Collected data:
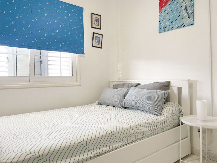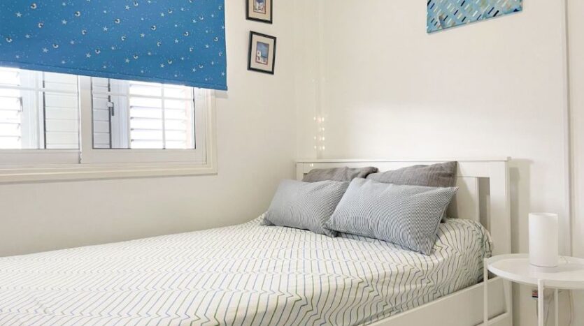 Both bedrooms are thoughtfully designed, offering cozy yet spacious retreats with ample storage. A well-appointed family bathroom serves the apartment, featuring modern fixtures and a fresh, clean aesthetic.
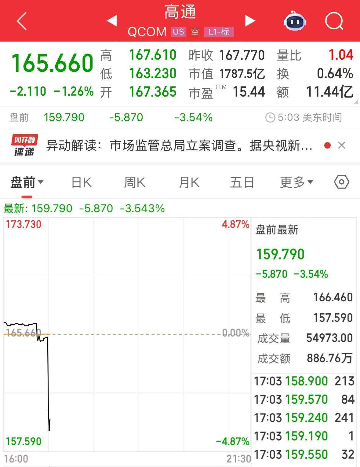 正文 涉嫌违反反垄断法,高通公司被市场监管总局立案调查!公司股价盘前直线下跌 泰和科技 V管理员 /10-10/12阅读/0评论 1010 文章最后更新时间2025年10月10日,若文章内容或图片失效,请留言反馈! 据央视新闻10月10日消息,因高通公司收购Autotalks公司未依法申报经营者集中,涉嫌违反《中华人民共和国反垄断法》,市场监管总局依法对高通公司开展立案调查。市场方面,高通美股盘前股价直线下跌,截至发稿前跌幅为3.54%。每日经济新闻综合央视新闻、公开信息免责声明:本文内容与数据仅供参考,不构成投资建议,使用前请核实。据此操作,风险自担。
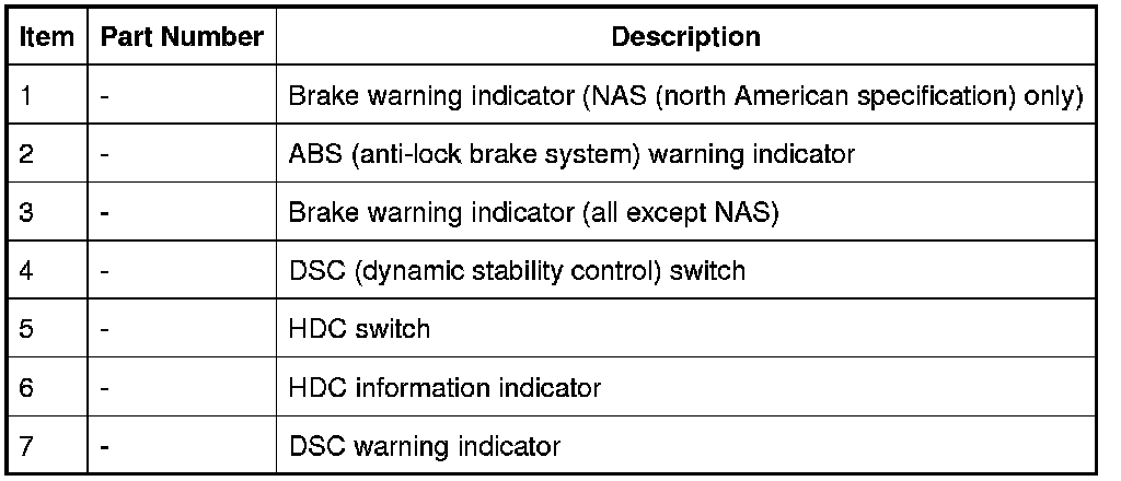 The ABS (anti-lock brake system) module monitors the yaw rate and lateral acceleration sensor for faults. If a fault is detected the ABS (anti-lock brake system) module stores a related fault code and illuminates the DSC warning indicator. Also, a warning chime sounds and a message advising of an HDC fault is shown in the message center. For additional information, refer to Instrument Cluster
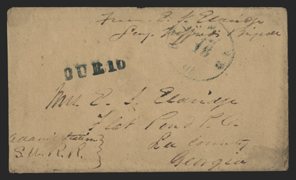 Pond, Georgia: Of the success of the battle...I need noChancellorsville: CSA Surgeon's Letter Excellent content ALS by Erwin J. Eldridge of William T. Wofford's Brigade, 4 pages, 4to, ""Camp,"" May 12, 1863. He writes to his wife in Flat Pond, Georgia: ""Of the success of the battle...I need not tell you...The loss in our brigade was quite heavy - about five hundred & fifty killed and wounded - so you can imagine I was pretty busy. After getting entirely through with our wounded some of us went to a church filled with Yankee wounded and as they had but one Surgeon and he a fool we took charge and operated on several of them. I scratched my hand slightly and though nothing of it. On Friday evening I took out the elbow joint of a little New Yorker...and his arm being very much swollen and in a very bad condition I suppose some of the blood got into my wound and sooon afterward I woke up with the most intense pain...My hadn and arm were very much swollen...I was a little alarmed, too, as loss of limb and life are not uncommon results of such accidents...It is now so near well as to relieve me of all danger...Col. [Goode] Bryan was struck, the ball passing through the breast pocket of his coat where he had his spectacles, some letters, papers, etc. - going through them and his clothes but cutting through the skin - quite a painful wound - His breast was quite swollen and painful and he fears an abscess will form...I met several surgeons from across the river...We found that some of them were at college the same time we were. Some of them were pleasant gentlemen, some hogs. I never saw such perfect indifference to their men as they showed. They seemed not to care whether they lived or died..." With original Postal Cover, bearing Richmond postmark and stamp "Due 10." (imagea) (Image) Est. $500-750
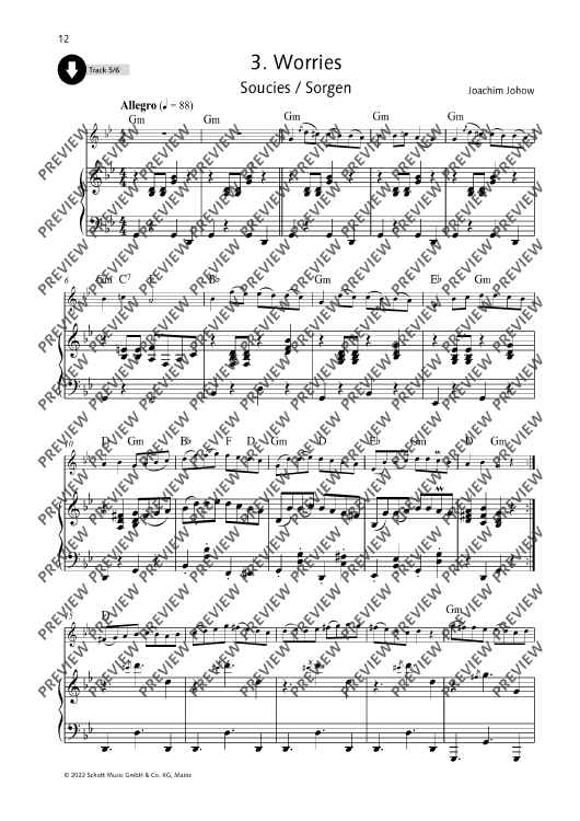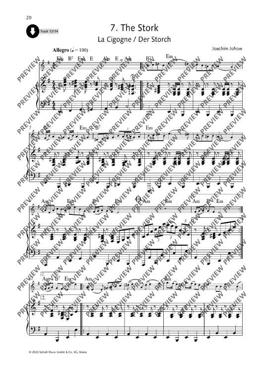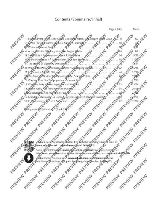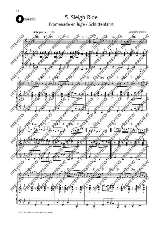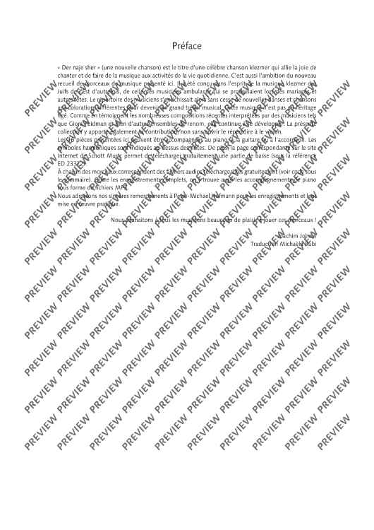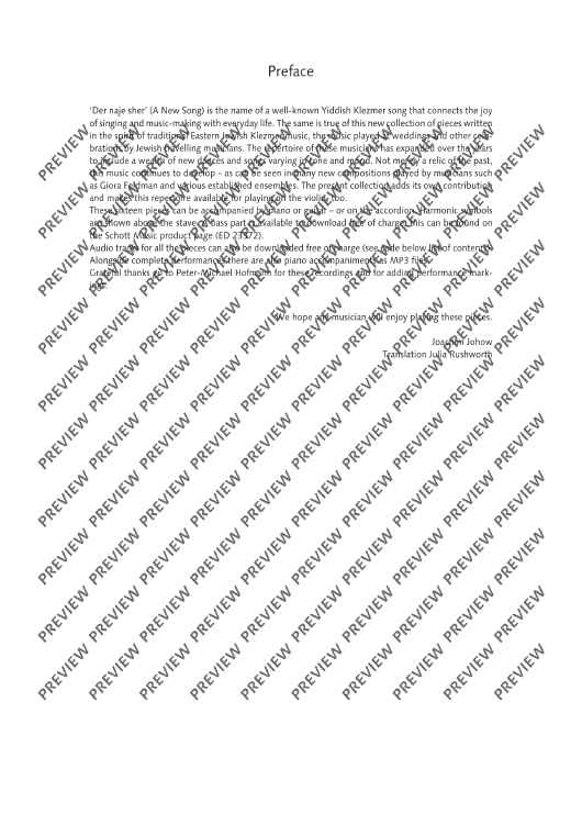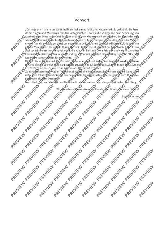Rousing klezmer pieces newly composed! Inspired by old klezmer melodies, Joachim Johow has written 16 new tunes for violon, reenacting scenes from life in a Jewish town, such as 'Am Morgen in der Gasse' [On the Street in the Morning], 'Auf dem Jahrmarkt' [At the Fair], 'Schlittenfahrt' [Sleigh Ride], 'Tanz der Großeltern' [Dance of the Grandparents], 'Am Abend' [In the Evening]. With notated piano accompaniment and additional harmonic symbols as well as an additional bass part (for download) which allow for a variety of instrumentations. The audio MP3 pack contains both full and playback versions.
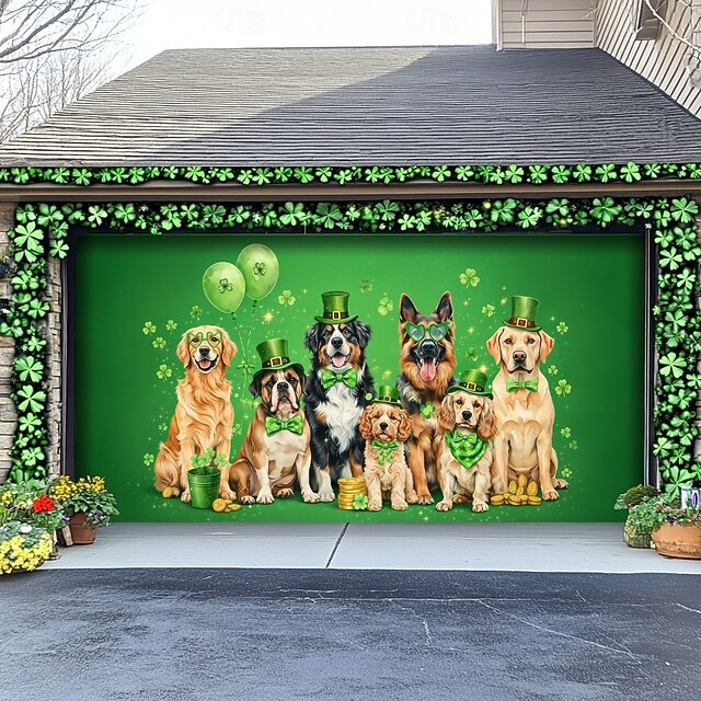 Накидка на гаражные ворота ко Дню Святого Патрика, очаровательные собачки в шапках лепреконов с клевером, праздничное украшение для улицы к празднованию Дня Святого Патрика.#10661292
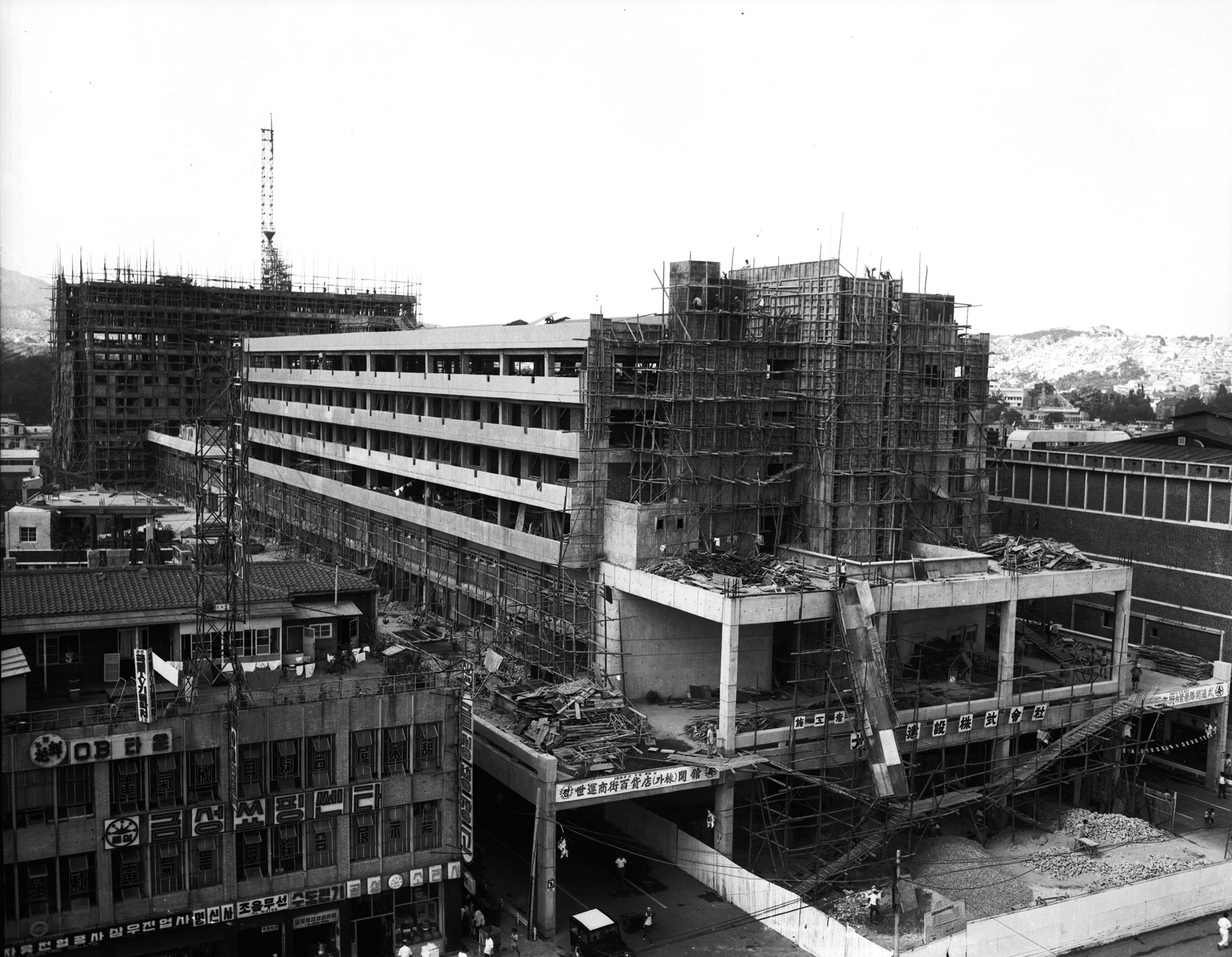 2차 세계대전 후 전쟁의 상흔이 남은 여러 도시들의 한편에서는 시민들이 삶을 이어가기 위해 소형 필지에 새로이 비공식적 주거를 지었고, 다른 한쪽에서는 행정가 · 정치가 · 기업가들이 필지를 대형화해가며 도시 재건을 꿈꿨다. 이러한 전후 도시의 상황은 아방가르드 건축가가 권위와 획일성에 대항해 시민을 위한 변화, 다양성, 자유의 문제를 재고하는 폭발적인 계기가 됐다. 특히 1960년대 메가스트럭처(megastructure)는 전후 프로젝트에서 공유된 대안적인 도시계획의 개념이자 특권적인 초국가적 건축의 흐름으로 평가돼왔다. 이는 영국 아방가르드 네오 퓨처리스트에게 ‘인간환경의 통합적인 디자인으로 거시적 레벨에서 (건축가의) 통제와 질서가 강조되는 반면 미시적 레벨에서는 (시민에게) 소비 · 여가 · 무질서의 자유가 제공되는 것’1이었으며, 일본의 메타볼리스트(metabolist)도 서구 건축가의 작업과 더불어 그 지구적 상황을 함께한 사회운동으로 중요하게 다루었다. 그러나 아시아의 발전국가 프로젝트를 메가스트럭처로 규정하는 것은 조금 더 복잡하다. 그 건축은 ‘서구에 보내는 메시지’2로 다소 압축되거나 오리엔탈리즘의 열망을 추구한 ‘파생적인 모더니티’로 다뤄지는 경향이 있다.
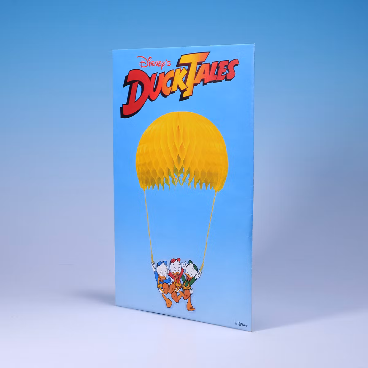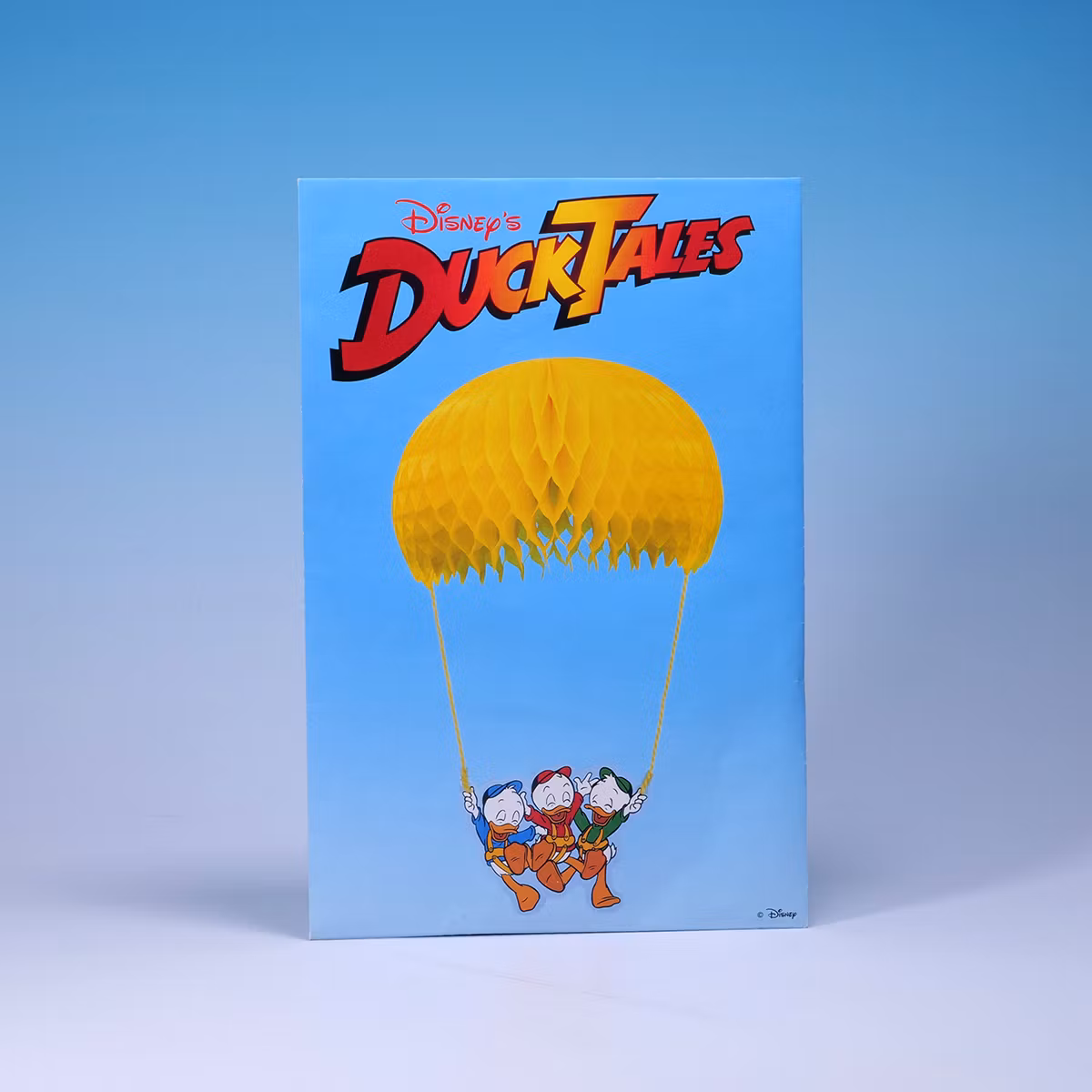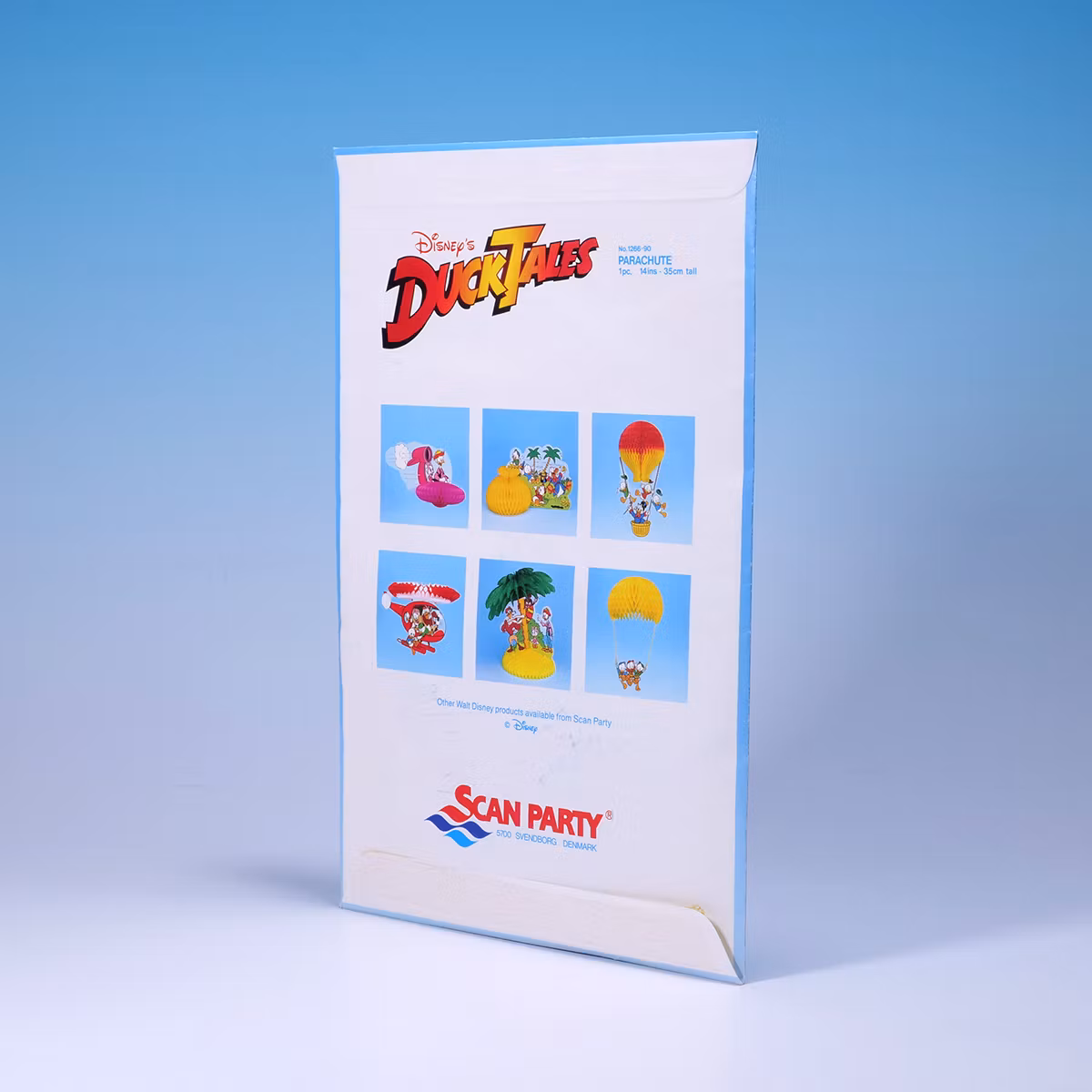 Knatte, Fnatte och Tjatte från ovan! 🪂🦆 Oöppnad pappdekoration som fångar exakt den där festkänslan från 90-talet. Färgerna poppar och motivet är ren DuckTales-action. Perfekt för vägg, fest eller nostalgichock.

Aim of the exercise:
Exactly and only the lines from the top of the records down to the line containing "The ABS (anti-lock brake system) module monitors" should be transcribed, please, without the pictures.

Output below:
 Both bedrooms are thoughtfully designed, offering cozy yet spacious retreats with ample storage. A well-appointed family bathroom serves the apartment, featuring modern fixtures and a fresh, clean aesthetic.
 正文 涉嫌违反反垄断法,高通公司被市场监管总局立案调查!公司股价盘前直线下跌 泰和科技 V管理员 /10-10/12阅读/0评论 1010 文章最后更新时间2025年10月10日,若文章内容或图片失效,请留言反馈! 据央视新闻10月10日消息,因高通公司收购Autotalks公司未依法申报经营者集中,涉嫌违反《中华人民共和国反垄断法》,市场监管总局依法对高通公司开展立案调查。市场方面,高通美股盘前股价直线下跌,截至发稿前跌幅为3.54%。每日经济新闻综合央视新闻、公开信息免责声明:本文内容与数据仅供参考,不构成投资建议,使用前请核实。据此操作,风险自担。
 The ABS (anti-lock brake system) module monitors the yaw rate and lateral acceleration sensor for faults. If a fault is detected the ABS (anti-lock brake system) module stores a related fault code and illuminates the DSC warning indicator. Also, a warning chime sounds and a message advising of an HDC fault is shown in the message center. For additional information, refer to Instrument Cluster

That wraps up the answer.